Nell’Uno, infatti, non c’è paura. Non occorrono recinti, steccati, reti di protezione. Non occorre autodifesa. La paura scaturisce dal “due”, dal “tre”, dal “quattro”, dai “molti”, ecc. Più esattamente nasce dal senso di separazione. Quando l’altro – o gli altri – vengono percepiti come talmente altri da figurare come una minaccia. Allora da una parte c’è il pastore, da un’altra le pecore, da un’altra ancora il lupo: nessuno appartiene a nessuno, nessuno è in comunione, ciascuno è staccato dall’altro, ciascuno si sente autorizzato a vivere “per se stesso”, e quindi anche a difendere con ogni mezzo la propria vita, a trattenerla, a metterla al sicuro. Il mercenario, ci dice qui Gesù, non si sente “uno” con le pecore e perciò pone se stesso al centro. Non conosce. Non sa di essere parte di una Vita più grande, in cui sono compresi anche gli apparenti “altri”. Di conseguenza non ama. Non si dona. E’ tutto intento a cercare di conservare la propria vita per sé.
“Ma tra voi non sia così” (cfr Mc 10,43). Voi non siate dei mercenari. Delle persone che non sanno di essere “una cosa sola” con la Sorgente e con il resto della creazione, e che quindi si sentono autorizzate a muoversi orientandosi verso ciò che appare più conveniente nell’economia del loro io. Siate invece come il buon-bel pastore, che sa di ricevere la propria vita dal Padre. E sa che se continua ad essere “una cosa sola” con la pienezza di quella Sorgente, non potrà mai davvero perdere la propria vita, perché anche quando sembrerà perderla la vedrà fruttificare. Come nel bellissimo mosaico di S. Clemente a Roma, in cui la croce coincide con l’albero della vita. Infatti, se si è un tutt’uno con la Fonte, ci si può forse disseccare o inaridire? Può il tralcio che rimane collegato alla vite smettere di ricevere linfa e di portare frutto?
Gesù conosce il Padre. E conosce anche le sue pecore. Sa che, come lui, tutti gli esseri ricevono la vita dalla stessa Fonte e che tutti hanno al centro di sé la stessa vocazione all’amore.

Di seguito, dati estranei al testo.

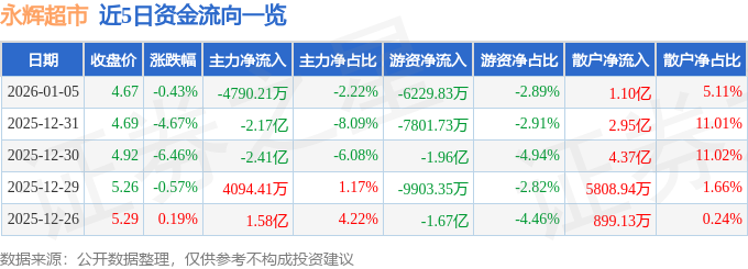 证券之星消息,截至2026年1月5日收盘,永辉超市(601933)报收于4.67元,下跌0.43%,换手率5.09%,成交量461.95万手,成交额21.57亿元。
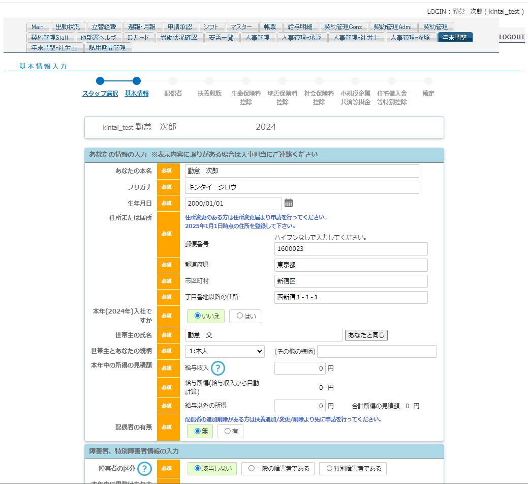 年末調整入力
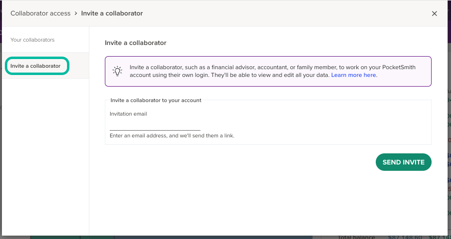 PocketSmith's Collaborators feature lets you invite another PocketSmith user — such as an advisor, friend, or family member — to access and manage your account alongside you without sharing your login details.
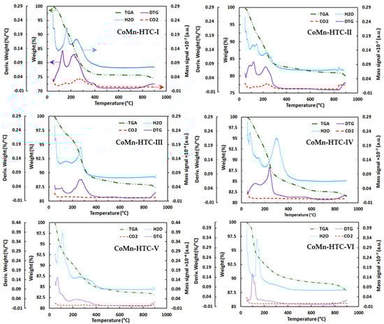 Thermogravimetric analysis and mass spectrometry detector (TGA-MS) analysis of the CoMn-HTC catalysts.

Per questo nel discorso del cap. 15 ci ricorda il “comandamento” di “amarci gli uni gli altri”, la legge scritta nel cuore che ciascuna/o è invitata/o a riscoprire dentro di sé. E ci ricorda che “nessuno ha un amore più grande” del “dare la vita”. “Dare la vita per i propri amici” (Gv 15,13). Ma chi sono i propri amici? Chi osserva il suo comandamento, dice. Ovvero chi pratica l’amore. Chi lo riconosce al centro di sé. Quindi potenzialmente tutti. Perché tutti scaturiamo dalla stessa Sorgente, che ci comunica vita e amore insieme, indissolubilmente uniti. Certo, possiamo dimenticare, possiamo diventare dei mercenari anche noi. Possiamo “non conoscere”, “non riconoscere” quanto inscritto in noi. Ma anche in questo caso non perdiamo del tutto la vera natura del nostro essere e possiamo sempre “tornare a casa”, “convertire” il nostro sguardo, tornare a sentire Chi vive al centro del nostro essere. E se, guidati da Gesù e dal suo esempio, “conosciamo” e “riconosciamo” di essere “Uno” con la Sorgente dell’amore e della vita, possiamo anche “conoscere” e “riconoscere” di essere “un solo gregge” e “un solo pastore” con tutta la creazione. E allora saremo in grado anche di “dare la vita”, di non trattenerla per noi. Di avere cura gli uni degli altri. Di essere dono.